- _TASK_: Leave every picture behind and copy the rest of the entries below exactly.

(Records from a data collection)
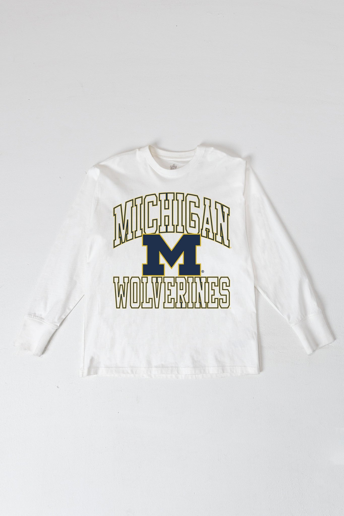 Bring the energy of the game to your wardrobe with our Michigan Wolverines oversized long sleeve tee with ribbed neckline and cuffs. Showing off your Michigan Wolverines spirit will be a breeze.
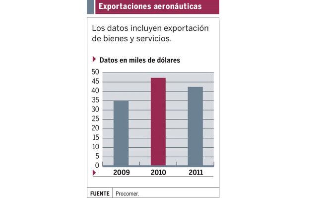 Los datos de Procomer indican que, en el 2011, las exportaciones de productos y servicios aeronáuticos alcanzaron $42 millones. .
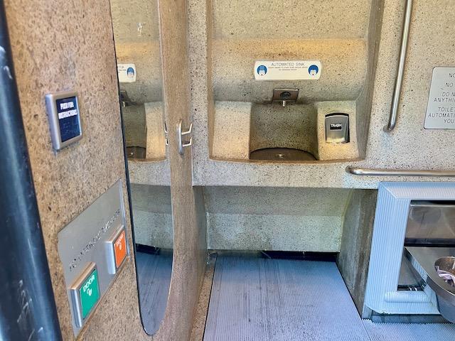 サンフランシスコは、飲食店のおトイレは、利用者以外は断られることがほとんどで、デパートやモール内のトイレ自体が分かりにくいです。このセルフクリーントイレは、歩道や広場にあり、無骨ながらも目立ちます。人の手による点検もまめにしていますし、なんと言っても使う度洗浄しているので間違いなく清潔です!もし街中でトイレに困ったら挑戦してみてくださいね。
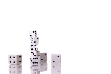 Stack of five white dice and Scattered dice of different sizes reflected in table surface isolated on white background copy space
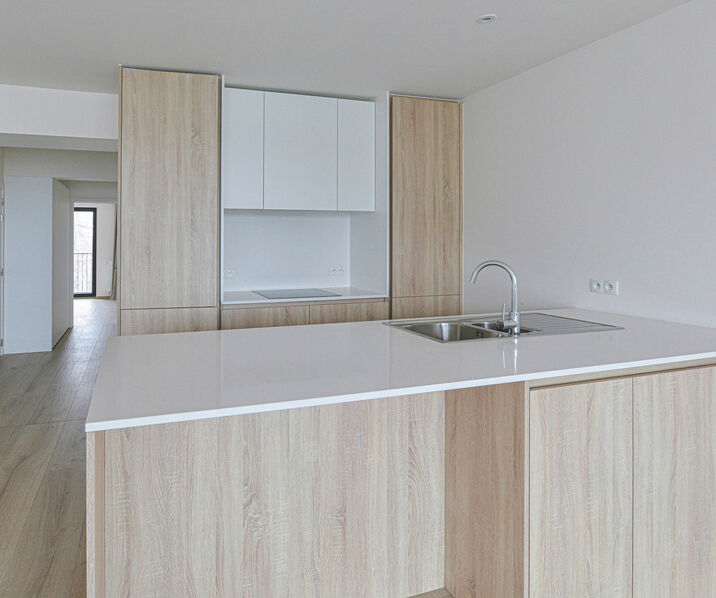 Inkom, gastentoilet, lichtvolle woon-eetkamer +/-28m², volledig uitegeruste open keuken (kookplaat, oven, micro-golfoven, vaatwasser) met centraal kookeiland en ontbijthoek. 2 slaapkamers +/-12-10 waarvan de kleinste toegang geeft tot het terras, badkamer met alle comfort (ligbad, inloopdouche, dubbele wastafel en toilet).
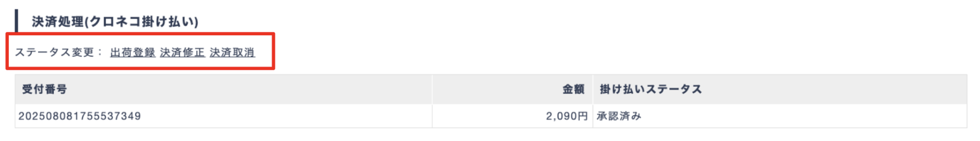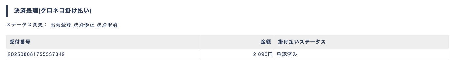 注文時のお支払い方法にクロネコ掛け払いを選択した場合の受注詳細画面の決済情報欄の表示と操作について解説します。
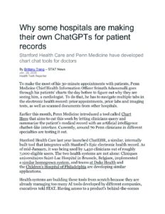 28 Jan Why some hospitals are making their own ChatGPTs for patient records Posted at 14:04h in by Makerly Duarte 0 Comments 0 Likes
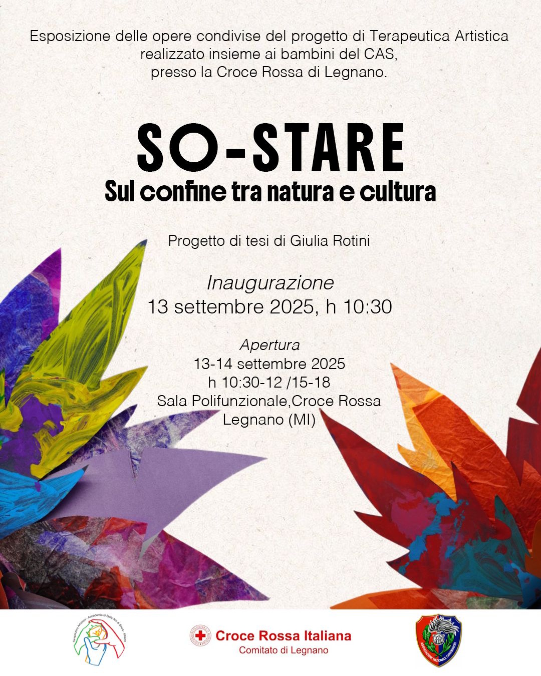 Si inaugura sabato 13 settembre alle 10.30, nella sala polifunzionale della Croce Rossa di Legnano, la mostra “SO-STARE. Sul confine tra natura e cultura”, un’esposizione artistica nata dal progetto di terapeutica realizzato insieme ai bambini del CAS (Centro di Accoglienza Straordinaria). L’iniziativa è il risultato del lavoro di tesi di Giulia Rotini.
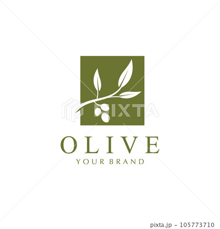 Olive trees set with branches and leaves for design of packaging, label, logotype or banner. Natural organic stylized olive icon, premium quality sign. Vector illustration
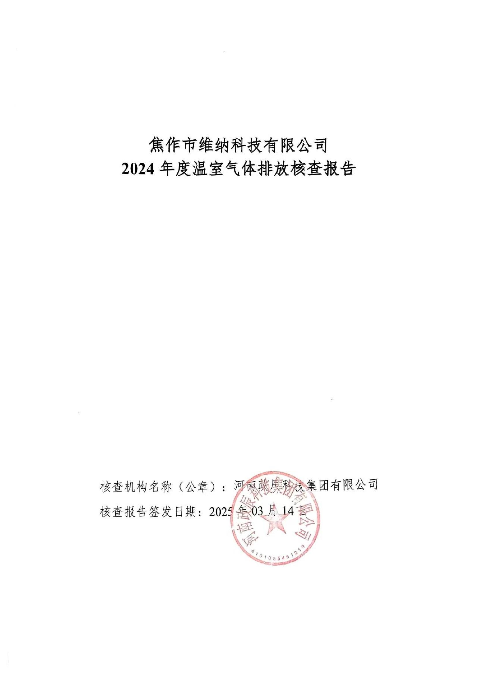 焦作市維納科技有限公司-2024年碳核查報(bào)告

- _RESPONSE_:
 Bring the energy of the game to your wardrobe with our Michigan Wolverines oversized long sleeve tee with ribbed neckline and cuffs. Showing off your Michigan Wolverines spirit will be a breeze.
 Los datos de Procomer indican que, en el 2011, las exportaciones de productos y servicios aeronáuticos alcanzaron $42 millones. .
 サンフランシスコは、飲食店のおトイレは、利用者以外は断られることがほとんどで、デパートやモール内のトイレ自体が分かりにくいです。このセルフクリーントイレは、歩道や広場にあり、無骨ながらも目立ちます。人の手による点検もまめにしていますし、なんと言っても使う度洗浄しているので間違いなく清潔です!もし街中でトイレに困ったら挑戦してみてくださいね。
 Stack of five white dice and Scattered dice of different sizes reflected in table surface isolated on white background copy space
 Inkom, gastentoilet, lichtvolle woon-eetkamer +/-28m², volledig uitegeruste open keuken (kookplaat, oven, micro-golfoven, vaatwasser) met centraal kookeiland en ontbijthoek. 2 slaapkamers +/-12-10 waarvan de kleinste toegang geeft tot het terras, badkamer met alle comfort (ligbad, inloopdouche, dubbele wastafel en toilet).
 注文時のお支払い方法にクロネコ掛け払いを選択した場合の受注詳細画面の決済情報欄の表示と操作について解説します。
 28 Jan Why some hospitals are making their own ChatGPTs for patient records Posted at 14:04h in by Makerly Duarte 0 Comments 0 Likes
 Si inaugura sabato 13 settembre alle 10.30, nella sala polifunzionale della Croce Rossa di Legnano, la mostra “SO-STARE. Sul confine tra natura e cultura”, un’esposizione artistica nata dal progetto di terapeutica realizzato insieme ai bambini del CAS (Centro di Accoglienza Straordinaria). L’iniziativa è il risultato del lavoro di tesi di Giulia Rotini.
 Olive trees set with branches and leaves for design of packaging, label, logotype or banner. Natural organic stylized olive icon, premium quality sign. Vector illustration
 焦作市維納科技有限公司-2024年碳核查報(bào)告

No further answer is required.